Note that the junk dimension is always of type 0 (constant). The site's name has the word junk, usually after dim instead
of the end. The data type is consistent, that is, for the Y / N column, it is either bit or CHAR (1), but
neither INT nor VARCHAR (N) - my preference is CHAR (1). A junk dimension has not a business key.

Stacked dimension

A stacked dimension is a used where two or more dimensions are combined with an aspect:

Transaction_type_key Transaction_type Category

0 Unknown Unknown

1 Direct sale Transaction type

2 Refund Transaction type

3 Purchase Transaction type

4 eCommerce Transaction type

5 Down payment Payment type

6 Full delivery Payment type

7 On delivery Payment type

A stacked dimension has one or two attributes and is always SCD type 0 (no update).

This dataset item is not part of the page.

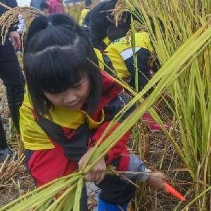 11月19日,孩子們在家長(cháng)的帶領(lǐng)下體驗傳統打稻谷。
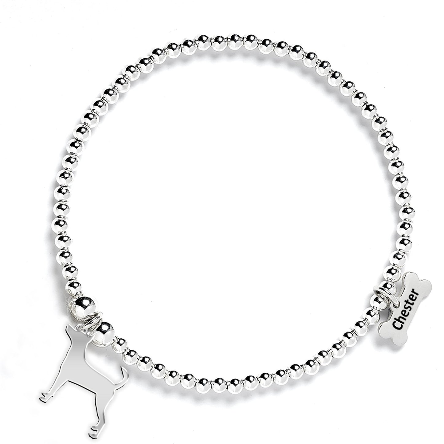 English Toy Terrier Silhouette Silver Ball Bead Bracelet - Personalised

We see many types and status columns: Product Type, Customer Status, Store Type, Security Type, Security Class, Broker
Type, etc. All the columns store to their respective dimensions because they are the properties of the dimension.
Deferred Dimension
When loading a fact record, a dimension record may not be ready yet. It is technically called an inferior member but is
often called as sensible dimension.
Distorted Dimension
A dimension that is used in many places is called a distorted dimension. A conformal dimension can be used in a single
database or multiple fact tables in multiple data warts or data warehouses.
Degenerate Dimension
A degenerate dimension happens when the dimension attribute is stored as part of a fact table, but not in a separate
dimension table. These dimensions are keys for which there is no other attribute. In a data warehouse, they are often used
as the result of a query to analyse the source of numbers that are collected in a report. We use these values to detect
transactions in an OLTP system.
Role-playing Dimension
A role-playing dimension is one where the same dimension key includes more than one foreign key in the fact table. For
example, a fact table contains foreign keys for both the ship date and delivery date. But the same dimension data attributes
are applied to every foreign key. So, we can join the same dimension table for both foreign keys. Here, the date dimension
is taking many roles to map the ship date and the delivery date.
Shrunken Dimension
A shrunken dimension is a subset of another aspect. For example, the order fact table includes a foreign key for the
product. The target fact table can add a foreign key to the product category, which is in the product table but less granular-
creating a small dimension table with a product category because its primary key is a way to deal with this situation of
many grains. If the product dimension is a snowflake, then there is a separate table for the product category, a shrunken
dimension.
Fixed Dimension
Static dimensions are not extracted from the real data source but created in the data warehouse context

Slowly Changing Dimensions

A slowly changing dimension is a set of data attributes that change slowly over a period of time rather than changing
regularly e.g. address or name. These attributes can change over a period of time and that will get combined as a slowly
changing dimension. These dimension can be classified in types:[3]

• Type 0 (Retain original): Attributes never change. No history.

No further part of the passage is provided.